They all can be dominant jerks... it's just how they are. Of course, some are more likely than others.

Melanochromis can just be the most annoying, like a dog behind a fence that mindlessly barks at everything that moves. Even the "pseudo"-Meleanochromis Johanni types ( I've always thought they looked like they were imitating sub dominant Melanochromis). I had a Chipokae years ago who was the dominant fish but was never violent, but there wasn't another Melanochromis in the tank to get him riled up. Sometimes it is the mix of fish that makes Mbuna psycho.


----------



## Dawg2012 (May 10, 2012)

My Kenyi was pretty mellow.

Socolofi on the other hand, not so much.
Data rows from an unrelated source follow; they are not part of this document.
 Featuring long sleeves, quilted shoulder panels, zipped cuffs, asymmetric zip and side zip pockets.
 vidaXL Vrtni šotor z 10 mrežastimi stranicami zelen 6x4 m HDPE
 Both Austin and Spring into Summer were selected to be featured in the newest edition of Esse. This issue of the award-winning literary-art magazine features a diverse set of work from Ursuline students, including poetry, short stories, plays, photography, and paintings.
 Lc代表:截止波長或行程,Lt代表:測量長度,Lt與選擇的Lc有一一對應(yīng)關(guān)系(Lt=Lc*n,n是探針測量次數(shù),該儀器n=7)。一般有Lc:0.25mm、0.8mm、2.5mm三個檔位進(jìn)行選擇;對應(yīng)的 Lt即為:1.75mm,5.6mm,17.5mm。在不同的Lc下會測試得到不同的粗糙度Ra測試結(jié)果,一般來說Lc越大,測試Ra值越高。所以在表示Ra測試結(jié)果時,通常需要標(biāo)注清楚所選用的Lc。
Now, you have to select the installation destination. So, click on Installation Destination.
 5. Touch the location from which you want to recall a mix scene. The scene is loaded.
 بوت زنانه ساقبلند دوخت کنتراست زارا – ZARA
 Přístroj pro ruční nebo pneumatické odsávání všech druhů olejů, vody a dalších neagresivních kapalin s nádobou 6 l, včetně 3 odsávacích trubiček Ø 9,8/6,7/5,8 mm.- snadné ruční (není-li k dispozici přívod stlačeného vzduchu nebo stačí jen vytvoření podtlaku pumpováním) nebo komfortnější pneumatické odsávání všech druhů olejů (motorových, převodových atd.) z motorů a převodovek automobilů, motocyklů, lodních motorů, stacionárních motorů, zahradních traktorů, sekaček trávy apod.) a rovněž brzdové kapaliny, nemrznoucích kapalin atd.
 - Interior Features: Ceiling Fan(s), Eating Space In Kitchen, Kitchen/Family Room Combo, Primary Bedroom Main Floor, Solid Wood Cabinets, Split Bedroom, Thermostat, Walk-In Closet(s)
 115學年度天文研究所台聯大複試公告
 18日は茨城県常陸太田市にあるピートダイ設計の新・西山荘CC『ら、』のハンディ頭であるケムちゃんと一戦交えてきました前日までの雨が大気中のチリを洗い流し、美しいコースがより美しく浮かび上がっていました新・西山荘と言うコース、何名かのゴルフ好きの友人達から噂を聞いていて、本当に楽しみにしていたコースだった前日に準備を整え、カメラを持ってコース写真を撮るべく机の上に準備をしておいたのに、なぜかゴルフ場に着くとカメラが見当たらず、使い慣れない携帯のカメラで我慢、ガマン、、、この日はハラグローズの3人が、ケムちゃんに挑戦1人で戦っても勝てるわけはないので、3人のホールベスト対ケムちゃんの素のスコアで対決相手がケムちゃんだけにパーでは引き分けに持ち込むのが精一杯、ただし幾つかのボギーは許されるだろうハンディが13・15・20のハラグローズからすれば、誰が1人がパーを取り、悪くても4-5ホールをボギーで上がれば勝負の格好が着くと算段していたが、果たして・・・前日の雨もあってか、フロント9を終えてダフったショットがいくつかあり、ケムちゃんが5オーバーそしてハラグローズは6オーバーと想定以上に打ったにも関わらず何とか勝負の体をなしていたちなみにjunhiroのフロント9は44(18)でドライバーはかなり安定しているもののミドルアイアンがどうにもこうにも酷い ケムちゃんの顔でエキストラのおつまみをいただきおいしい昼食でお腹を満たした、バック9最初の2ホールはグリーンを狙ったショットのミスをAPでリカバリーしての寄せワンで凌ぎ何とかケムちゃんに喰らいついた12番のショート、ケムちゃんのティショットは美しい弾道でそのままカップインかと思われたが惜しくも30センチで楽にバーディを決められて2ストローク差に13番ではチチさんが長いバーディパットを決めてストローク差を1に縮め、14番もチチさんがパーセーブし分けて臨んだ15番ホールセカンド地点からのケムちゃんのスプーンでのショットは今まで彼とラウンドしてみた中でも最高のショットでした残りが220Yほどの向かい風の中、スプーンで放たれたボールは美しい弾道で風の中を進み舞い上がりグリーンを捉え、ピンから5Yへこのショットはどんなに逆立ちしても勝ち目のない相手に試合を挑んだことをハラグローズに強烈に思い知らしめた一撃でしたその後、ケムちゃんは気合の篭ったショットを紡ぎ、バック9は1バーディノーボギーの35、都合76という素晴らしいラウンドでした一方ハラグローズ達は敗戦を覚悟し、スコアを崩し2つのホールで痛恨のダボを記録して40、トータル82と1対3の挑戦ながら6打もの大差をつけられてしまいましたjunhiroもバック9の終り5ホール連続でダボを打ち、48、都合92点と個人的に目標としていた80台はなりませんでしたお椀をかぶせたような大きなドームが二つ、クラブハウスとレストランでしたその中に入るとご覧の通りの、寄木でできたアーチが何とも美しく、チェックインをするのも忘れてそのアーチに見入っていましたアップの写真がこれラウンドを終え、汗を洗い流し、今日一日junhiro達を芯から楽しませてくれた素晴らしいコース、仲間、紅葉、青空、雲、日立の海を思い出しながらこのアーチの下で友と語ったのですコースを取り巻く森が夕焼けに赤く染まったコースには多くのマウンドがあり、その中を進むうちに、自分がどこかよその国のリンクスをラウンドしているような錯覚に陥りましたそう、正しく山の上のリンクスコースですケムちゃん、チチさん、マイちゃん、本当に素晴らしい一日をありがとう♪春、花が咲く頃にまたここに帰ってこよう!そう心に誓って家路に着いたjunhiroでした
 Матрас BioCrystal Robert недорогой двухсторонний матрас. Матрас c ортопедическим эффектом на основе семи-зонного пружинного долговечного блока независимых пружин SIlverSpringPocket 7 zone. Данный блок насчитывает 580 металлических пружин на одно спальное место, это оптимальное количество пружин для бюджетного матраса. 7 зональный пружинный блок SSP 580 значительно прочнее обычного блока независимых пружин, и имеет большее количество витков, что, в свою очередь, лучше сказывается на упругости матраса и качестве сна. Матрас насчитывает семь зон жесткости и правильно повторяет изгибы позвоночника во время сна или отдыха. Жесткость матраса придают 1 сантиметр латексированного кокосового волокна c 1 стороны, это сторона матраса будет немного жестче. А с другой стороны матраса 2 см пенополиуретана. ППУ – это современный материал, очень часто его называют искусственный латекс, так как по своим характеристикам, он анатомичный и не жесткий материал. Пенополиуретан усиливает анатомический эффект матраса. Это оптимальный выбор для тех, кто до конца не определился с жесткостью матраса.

Finally got put in with the big boys cause he was a little jerk and he held his own for over a year at half their size.


----------



## Steve C (Oct 9, 2011)

My red zebras. I have 5 red zebras in with other mbuna in my 55g mbuna tank and the zebras are pretty much the trouble makers in there. They pretty much rule the tank and don;t like any "new guys" (they have killed two fish in the past year) and forced the relocation of another. The 5" zebra in this pic is the main one that likes to rumble. Also the OB peacock in the same pic is a trouble maker. Had to relocate him from the peacock tank to the Mbuna tank about 6 weeks ago because he had all 11 peacocks shoved into one corner of the all male peacock tank. He does pretty well in the mbuna tank though.


----------



## Cichlidman14 (Jul 17, 2013)

Steve nice OB peacock. Coloration looks great. He seems like a brute though the way you described him. And your red zebra looks great as well

Come on guys let's see some more pictures.


----------



## ozman (Sep 7, 2012)

Iggy Newcastle said:


> jlose600 said:
> 
> 
> > Without a doubt Melanochromis chipokae. I had a six inch male kill a ten inch nimbochromis venustus and a seven inch Kenyi male!!
> ...


 :lol: :lol: :lol: :lol: :lol:


----------



## misterted (Sep 12, 2003)

They are living things so any can be ill tempered.
The ones with the best chance of being evil have been mentioned here already, Various Melanchromis, Kenyi's, Red Zebras are more often than not evil.
I had a demon Yellow Lab once. Kept a group of this usually docile Mbuna in my 125 with a lot of other groups and this guy killed every other Yellow Lab in the tank.
Go figure.


----------



## bpark83 (Aug 18, 2013)

Chipokae - about 5". Added him to the tank last, and while he is aggressive, really didn't have a problem until I re-did the rockwork recently. That made him want to reclaim a lot more territory than he previously had a hold on in the tank (I learned sometimes redoing/rearranging the rockwork actually makes things worse). He had cornered a big yellow lab and just beat it half to death. I was hoping it would recover when it got out, but the chipokae kept going after it and it was looking worse and worse. The next day there was no sign of the yellow lab, but some random body parts floating around and stuck to the powerhead and filter inlet. Basically the chipokae made a meal of the yellow lab. I just gave him away today because I had enough of it.


----------



## CrazyCoolCichlids (May 19, 2013)

Definitely auratus! I had one that I brought home from the LFS, put him in the tank and almost immediately he began harassing the other fish. He was returned to the LFS the next morning.


----------



## poseidons minions (Dec 1, 2009)

meanest mbuna for me is melachromis chipokae and they get big n nasty but very beautiful.


----------



## Cichlidman14 (Jul 17, 2013)

Seen pictures of melachromis chipokae, very beautiful and the colors on the males are stunning.


----------



## Lushaquatics (Sep 15, 2013)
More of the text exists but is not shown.